[What is needed]
In the records below, the lines between the one holding "利用不同色彩的绣花线,苏绣中的齐针、套针完成图案刺绣。" and the one holding "(encadrée sous verre).", inclusive, are to be transcribed exactly; no pictures are to be included.

====================

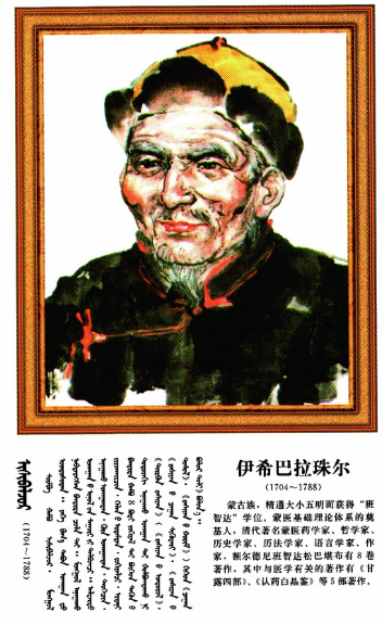 伊希巴拉珠爾(1704~1788),蒙古族,一名也協(xié)班覺、額爾德尼班智達(dá)·松巴堪布,蒙古衛(wèi)拉特人,著名蒙醫(yī)學(xué)家、文學(xué)家、天文學(xué)家哲學(xué)家。一生著作豐厚,其中對(duì)完善蒙醫(yī)理論體系有重要影響的著作有《甘露之泉》、《白露醫(yī)法從新》、《甘露點(diǎn)滴》、《甘露匯集》和《認(rèn)藥水晶鑒》,在這些著作中他將藏醫(yī)學(xué)理論與蒙古人的體質(zhì)、生活習(xí)俗、居住地區(qū)的地理、氣候條件等具體實(shí)際結(jié)合在一起,進(jìn)行創(chuàng)造性的理論研究,不僅豐富了臨床實(shí)踐的內(nèi)容,而且補(bǔ)充和完善了蒙醫(yī)學(xué)的理論體系,他將傳統(tǒng)蒙醫(yī)學(xué)“寒熱理論”與《四部醫(yī)典》中關(guān)于寒熱病理論的闡述進(jìn)行有機(jī)結(jié)合,使之成為近代蒙醫(yī)學(xué)病性辯證的總綱,同時(shí),他也闡述了將六基癥作為病因鑒別診斷的核心及其臨床表現(xiàn),使“六基癥”學(xué)說從理論到實(shí)踐都獲得了比較系統(tǒng)的發(fā)展。占布拉道爾吉是19世紀(jì)著名的蒙藥學(xué)家,他編著的《蒙藥正典》(又名嗚嗚蒙藥圖鑒)共收載蒙醫(yī)臨床常用藥物879種,按礦物、植物和動(dòng)物等分為8部24類,附插圖576幅,對(duì)每種藥物的產(chǎn)地、形態(tài)、性味、功能、入藥部分、采集加工、炮制方法、主治、用法等都闡述詳盡,并且每一味藥物都標(biāo)寫了蒙、藏、滿、漢四種文字的藥名,具有很高的參考價(jià)值。該書還附有外科術(shù)療器具圖解,以及放血穴位、針灸穴位、人體各部分劃分圖解說明等。敏如爾古布拉(1789-1838)編撰了蒙醫(yī)學(xué)方劑巨著《方?!?,是一部比較系統(tǒng)完整的蒙醫(yī)藥物方劑學(xué)經(jīng)典著作,收載方劑近200種,分為76章,進(jìn)行詳盡的論述和評(píng)點(diǎn),同時(shí)對(duì)相關(guān)疾病的病因、病機(jī)、分類和治法等也做了簡要論述。
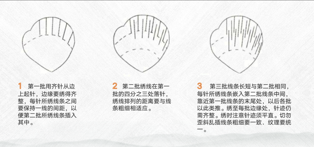 利用不同色彩的绣花线,苏绣中的齐针、套针完成图案刺绣。
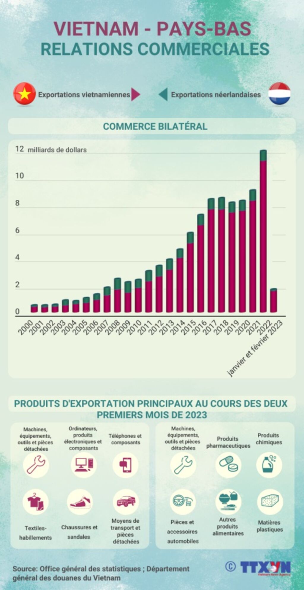 Plus récemment, lors de la visite officielle au Royaume des Pays-Bas du Premier ministre Pham Minh Chinh en décembre 2022, les dirigeants des deux pays ont convenu d'intensifier et d'approfondir la coopération entre les deux pays dans le cadre de la stratégie de partenariat sur l'adaptation au changement climatique et le Partenariat stratégique sur l'agriculture durable, de l'élargir dans les domaines de la sécurité, la défense, de la culture et du tourisme, des transports, des sciences et technologies, de l'éducation et de la formation, et de continuer à se soutenir mutuellement lors de forums multilatéraux tels que le cadre de coopération ASEAN - UE, le sommet Asie - Europe (ASEM), l'ONU....
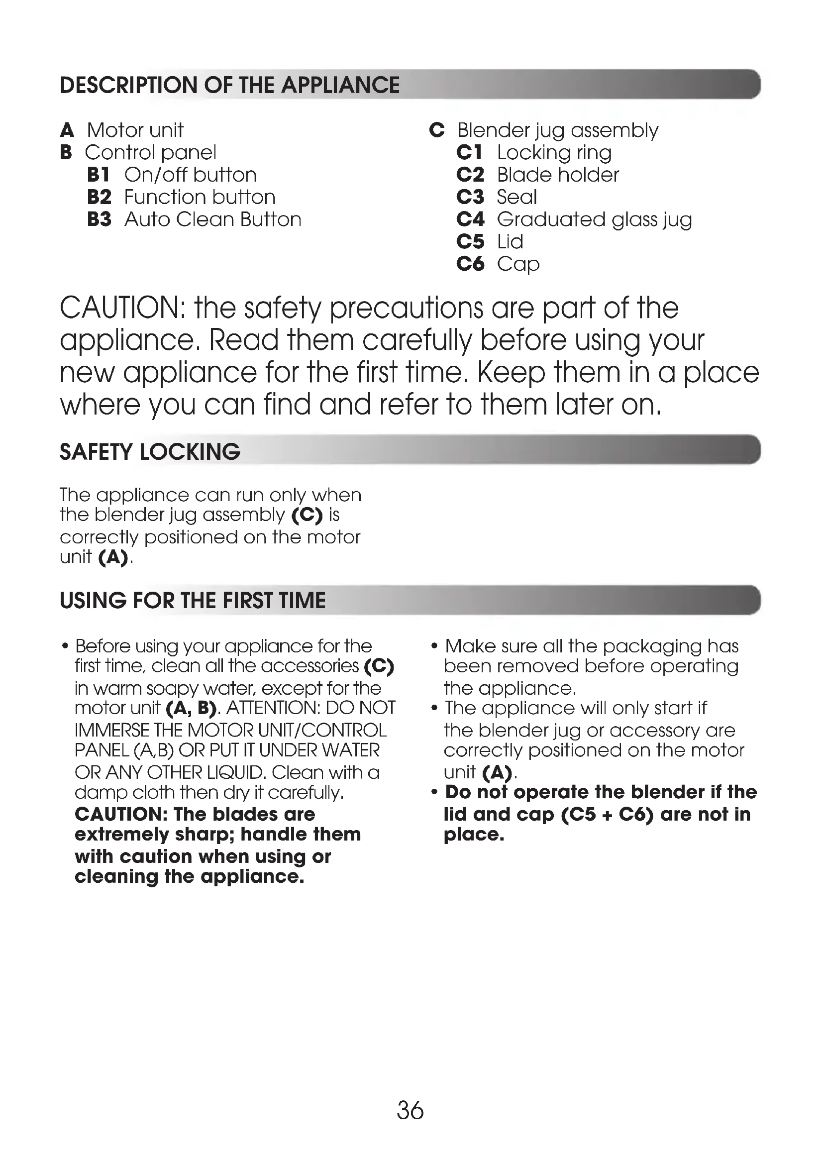 A Motor unit B Control panel B1 On/off button B2 Function button B3 Auto Clean Button C Blender jug assembly C1 Locking ring C2 Blade holder C3 Seal C4 Graduated glass jug C5 Lid C6 Cap The appliance can run only when the blender jug assembly (C) is correctly positioned on the motor unit (A). CAUTION: the safety precautions are part of the appliance. Read them carefully before using your new appliance for the first time. Keep them in a place where you can find and refer to them later on.
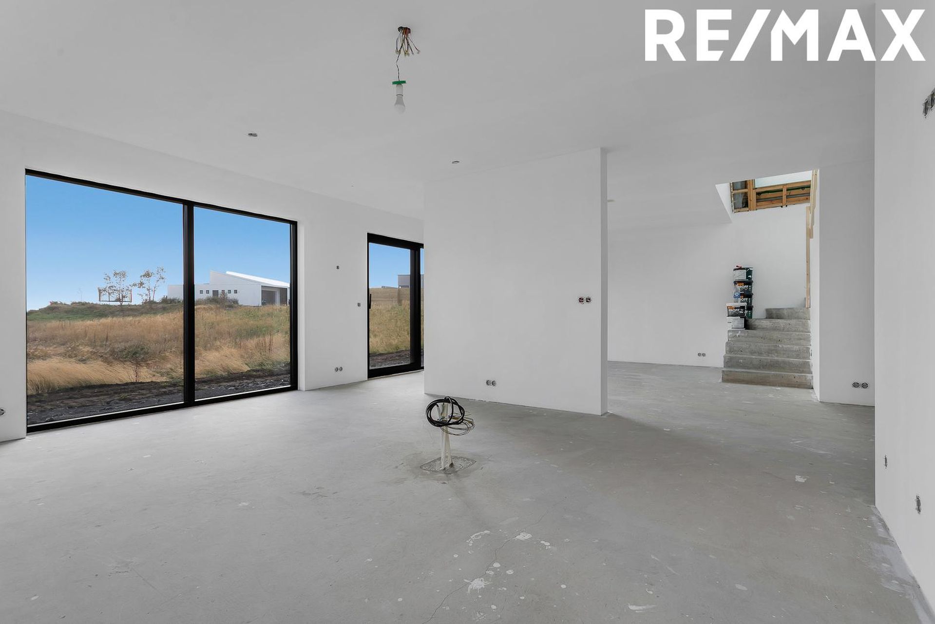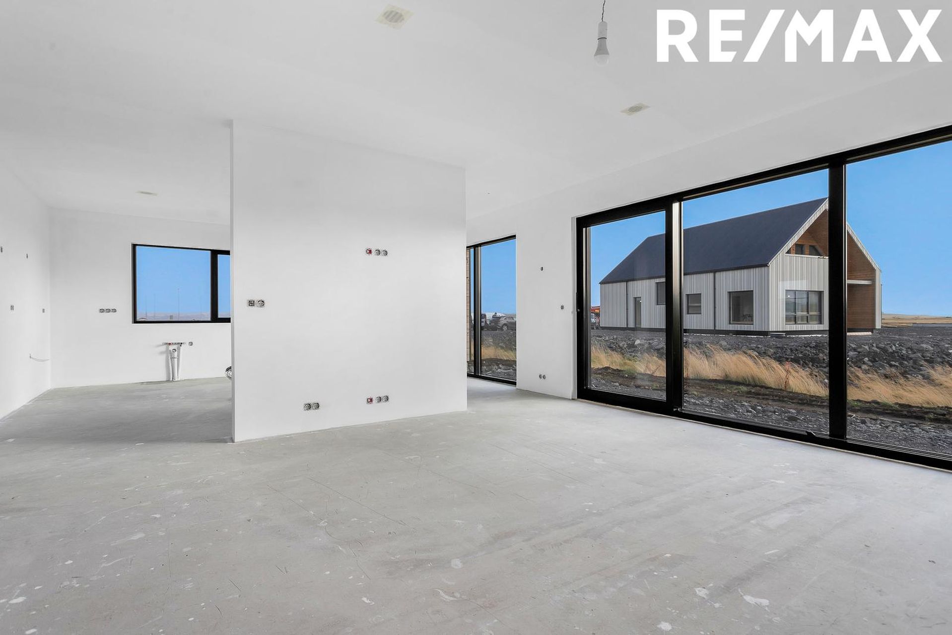 Veggir: Steyptir útveggir eru sandspartlaðir og grunnaðir að innan. Hlaðnir innveggir eru sandspartlaðir og grunnaðir. Handrið og handlistar innanhúss ekki innifalinn.
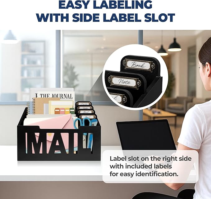 - 4 COMPARTMENTS WITH LABEL TAGS : This mail organizer for desk includes 4 slots plus customizable name tags for easy sorting. Use labels for departments, family members, or document types to simplify organization.
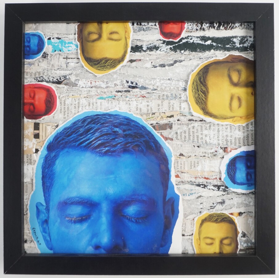EXPOSITO (1991), "Inside me" 2020, technique mixte et collage, signée en bas, 20 x 20 cm (encadrée sous verre).
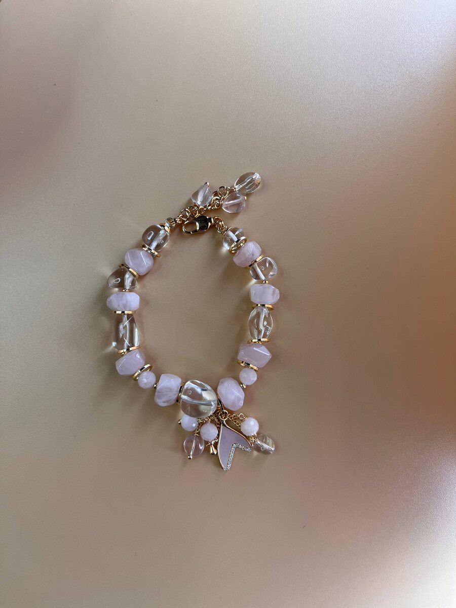 Горный хрусталь Готов новый браслет — нежный союз Розовый кварц и Горный хрусталь ✨ На камеру не смогла передать цвет браслета В жизни нежно розовый 👛 Этот дуэт появился по запросу — когда сердце хочет немного мягкости, а душа просит ясности. Розовый кварц, как всегда, отвечает за нежность, тепло и объятия (даже если они только энергетические). А горный хрусталь — за лёгкость, прозрачность мыслей и тот самый эффект «всё становится понятнее». Получился очень светлый, спокойный браслет — будто маленький островок гармонии на запястье. Теперь самый интересный момент — посмотрим, подружатся ли они с будущей хозяйкой. Иногда украшения выбирают нас сами… а иногда сначала немного присматриваются 👀
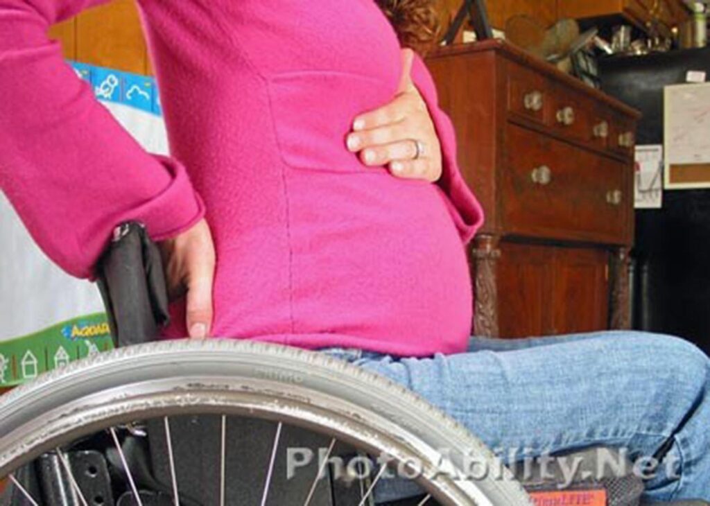 Paralyzed woman in a manual wheelchair with one hand on her lower back and one on her pregnant belly

====================

[Solution to the problem]
 利用不同色彩的绣花线,苏绣中的齐针、套针完成图案刺绣。
 Plus récemment, lors de la visite officielle au Royaume des Pays-Bas du Premier ministre Pham Minh Chinh en décembre 2022, les dirigeants des deux pays ont convenu d'intensifier et d'approfondir la coopération entre les deux pays dans le cadre de la stratégie de partenariat sur l'adaptation au changement climatique et le Partenariat stratégique sur l'agriculture durable, de l'élargir dans les domaines de la sécurité, la défense, de la culture et du tourisme, des transports, des sciences et technologies, de l'éducation et de la formation, et de continuer à se soutenir mutuellement lors de forums multilatéraux tels que le cadre de coopération ASEAN - UE, le sommet Asie - Europe (ASEM), l'ONU....
 A Motor unit B Control panel B1 On/off button B2 Function button B3 Auto Clean Button C Blender jug assembly C1 Locking ring C2 Blade holder C3 Seal C4 Graduated glass jug C5 Lid C6 Cap The appliance can run only when the blender jug assembly (C) is correctly positioned on the motor unit (A). CAUTION: the safety precautions are part of the appliance. Read them carefully before using your new appliance for the first time. Keep them in a place where you can find and refer to them later on.
 Veggir: Steyptir útveggir eru sandspartlaðir og grunnaðir að innan. Hlaðnir innveggir eru sandspartlaðir og grunnaðir. Handrið og handlistar innanhúss ekki innifalinn.
 - 4 COMPARTMENTS WITH LABEL TAGS : This mail organizer for desk includes 4 slots plus customizable name tags for easy sorting. Use labels for departments, family members, or document types to simplify organization.
EXPOSITO (1991), "Inside me" 2020, technique mixte et collage, signée en bas, 20 x 20 cm (encadrée sous verre).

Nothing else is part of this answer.